Justice Stephen Breyer posited that McConnell’s framework would be “too complicated for [state schools] to figure out” which organizations should and shouldn’t be funded, and that it would be easier to “let them work off-campus.” Justices Sonia Sotomayor and Ruth Bader Ginsburg then urged “deference to an educational institution” and its preference to support diversity within as well as among student groups.
Justice Breyer joined in with a new guest, a celibate homosexual Christian, who says, “I believe in [CLS’s] principles, I don’t believe in sexual relationships before marriage, and that’s why I want to work for homosexual marriage.”
And then Justice Scalia took off his party hat and stomps, “No, no, no, no.” If the celibate homosexual Christian does not believe marriage is only between one man and one woman, then he cannot be a CLS officer. McConnell agreed.
Until Hastings’ counsel and former Solicitor General Greg Garre stepped up to the lectern, Chief Justice Roberts had only served as the greeter to the party. But all that time, he had just been waiting to give J.P. his birthday present: a merciless assault on Garre.

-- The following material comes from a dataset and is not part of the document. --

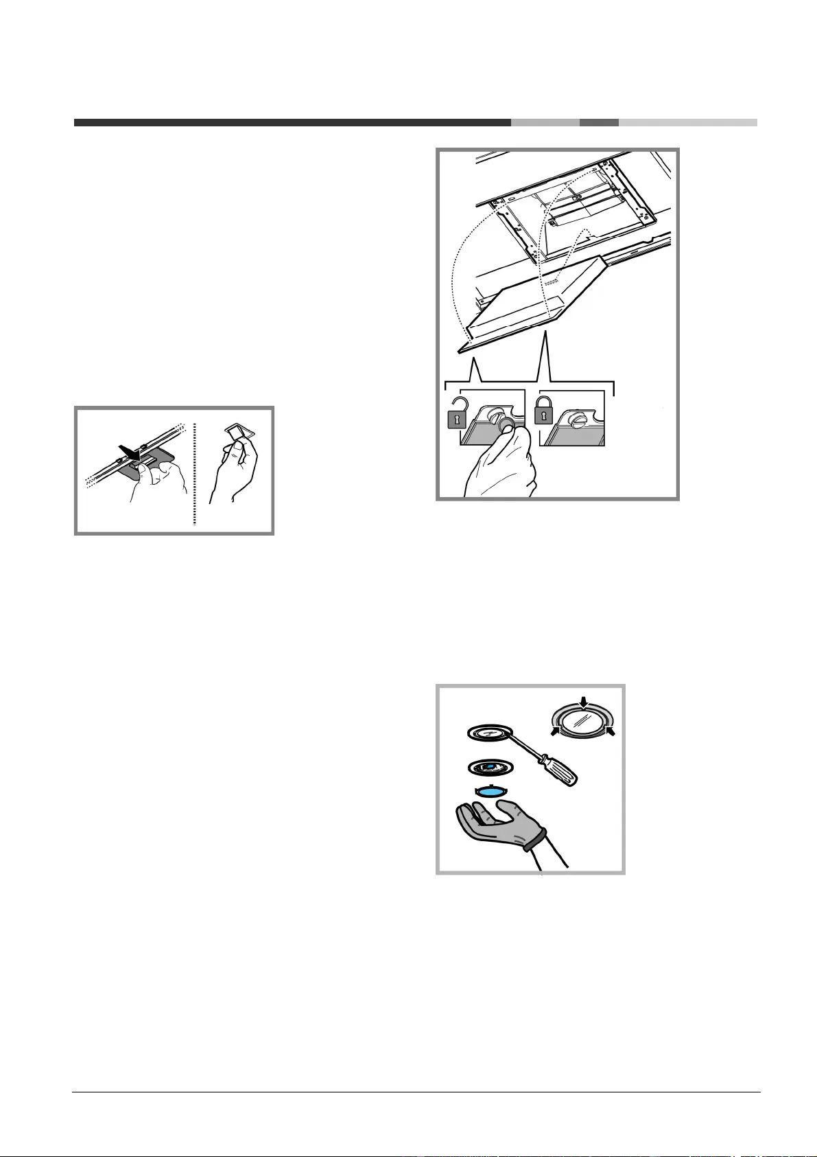 Îndepărtaţi filtrul de cărbune activ rotind 90° mânerele ce îl fixează la hotă.

It’s not that Justice Stevens enjoys such violence—he’s said to be a fan on tennis, baseball, and swimming, not UFC—but such is the court’s peculiarity that the best gift the oldest member can hope for is his youthful superior’s ceding control of a case in which Kennedy has indicated a left turn, or at least faith that the parties can “just work out” their differences.
By the time the party approached its conclusion, the justices stood in their usual spots: Stevens, Ginsburg, Breyer, and Sotomayor on one side; Roberts, Scalia, Alito on the other; Kennedy pacing between them; and Thomas chilling outside by the pool. But rather than let John Paul’s party end awkwardly, the justices pitched in to turn this souring get-together into an all-out rager.
Justice Alito called up his Muslim and Orthodox Jewish friends, who walked in and divided themselves by gender. Breyer had his celibate homosexual Christian friend invite the chess club, a bunch of Turkish speakers, and even more Jews, this time from the conservative and reform denominations. Justice Sotomayor texted La Raza and those radicals from the National Lawyers Guild.
Stevens looked around and saw gathered at his party all of these groups—formed by shared ethnicities, religions, races, genders, and sexual orientations—and wondered if this whole disagreement is worth having under his roof. In his characteristic humility, he requested permission from his own guests whether he may “ask one question”: Did the court really “have to pass on the constitutionality of the all-comers policy?”
Both Garre and McConnell insisted that the court must. That might not have been the answer Justice Stevens hoped for, but it’s the one he must follow. Today may have been his party, but as long as he’s wearing the black robe, he still must perform as his guests demand.
Whatever pangs of restraint Justice Stevens felt at the end of this morning’s oral argument in Christian Legal Society v. Martinez, the Old Man of the court can at least satisfy himself that his most powerful colleagues today presented him with the opportunity to take one last crack at what he’s come to do best: cajoling Justice Kennedy into a controlling liberal coalition.
Updated April 21 to correctly state that McConnell is a former 10th Circuit judge.